Another relevant questions is how many matches and near-matches there are. This can be calculated as follows:
db_summary <- dbCompare(dbExample, hit = 6, trace = FALSE)
db_summary
#> Summary matrix
#> partial
#> match 0 1 2 3 4 5 6 7 8 9 10
#> 0 102 1368 7122 21878 44189 59463 54601 34203 13571 3281 353
#> 1 206 2114 10013 26084 43656 47418 34320 15463 4145 472
#> 2 165 1477 5710 12566 17049 14642 7570 2220 310
#> 3 72 556 1821 3250 3361 2135 719 116
#> 4 22 149 360 493 379 156 34
#> 5 6 19 44 41 26 5
#> 6 0 2 3 0 0
#> 7 0 0 0 0
#> 8 0 0 0
#> 9 0 0
#> 10 0
#>
#> Profiles with at least 6 matching loci
#> id1 id2 match partial
#> 1 153 687 6 2
#> 2 625 641 6 2
#> 3 694 855 6 2
#> 4 379 560 6 1
#> 5 422 881 6 1The hit argument returns pairs of profiles that fully match at
hit (here 6) or more loci.
The summary matrix gives the number of pairs mathcing/partially-matching at ((i,j)) loci.

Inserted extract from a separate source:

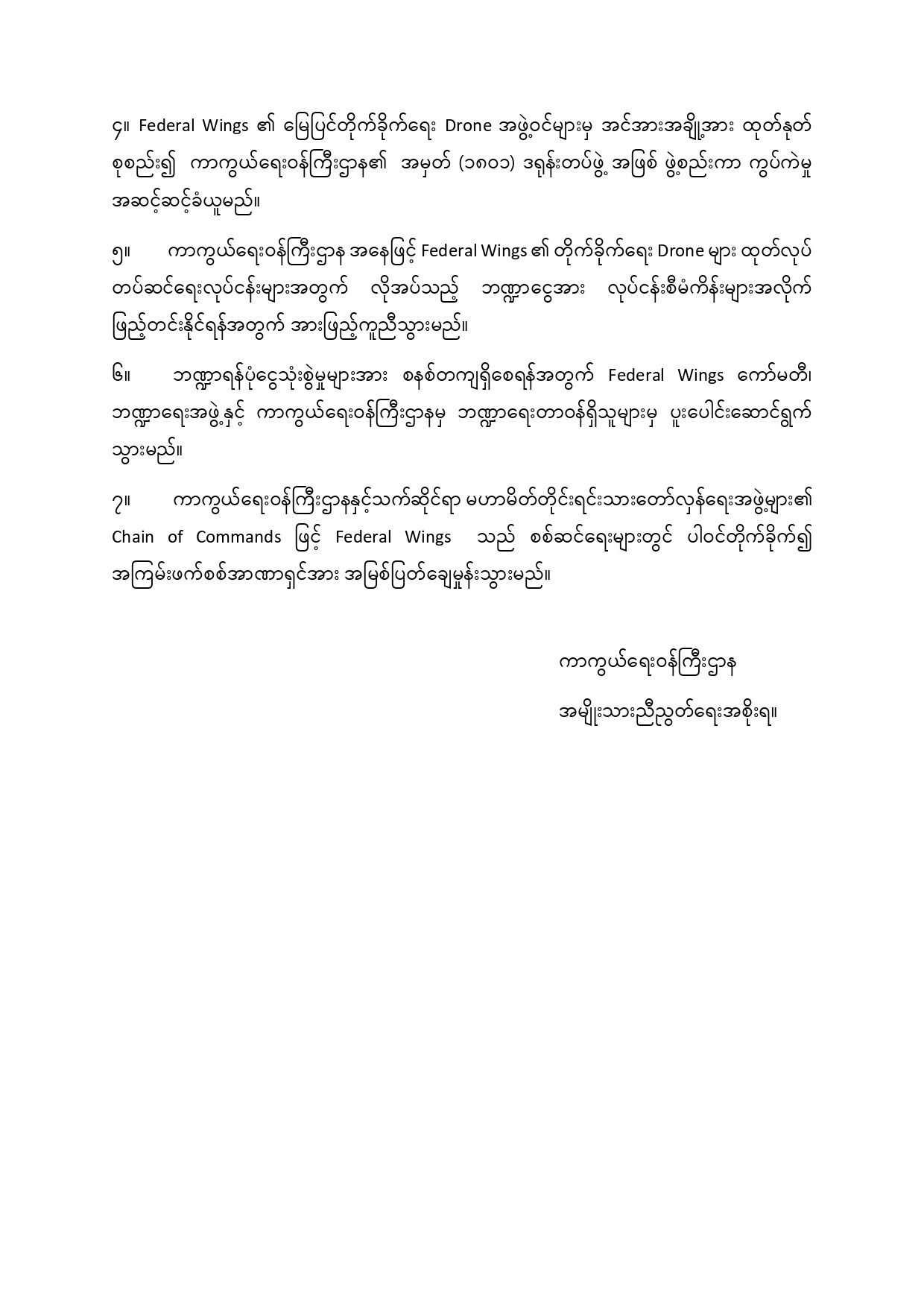 ၇။ ကာကွယ်ရေးဝန်ကြီးဌာနနှင့်သက်ဆိုင်ရာ မဟာမိတ်တိုင်းရင်းသားတော်လှန်ရေးအဖွဲ့များ၏ Chain of Commands ဖြင့် Federal Wings သည် စစ်ဆင်ရေးများတွင် ပါဝင်တိုက်ခိုက်၍ အကြမ်းဖက်စစ်အာဏာရှင်အား အမြစ်ပြတ်ချေမှုန်းသွားမည်။
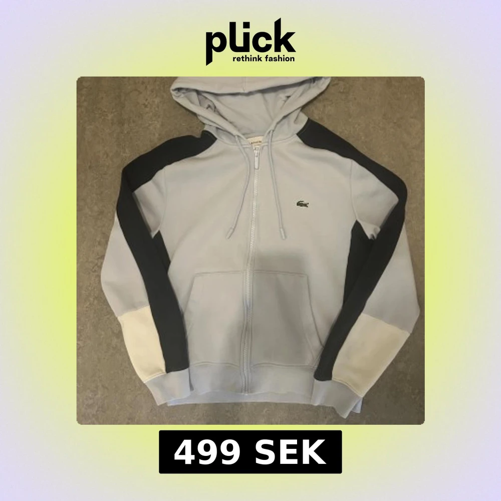 Snygg ljusgrå hoodie från Lacoste med klassisk krokodillogga på bröstet. Tröjan har svarta och vita paneler på ärmarna, huva med snörning och hel dragkedja framtill. Perfekt för chill eller streetwear. Materialet känns mjukt och är troligen bomull eller polyester.

For example the row
partial
match 0 1 2 3 4 5 6 7 8 9 10
5 6 19 44 41 26 5 means that there are 6+19+44+41+26+5 = 141 pairs of profiles matching exactly at 5 loci. Conditional on those 5 matches, there are 6 pairs not matching on the remaining 5 loci, 19 pairs partial matching on 1 locus and not matching on the remaining 4 loci, and so on.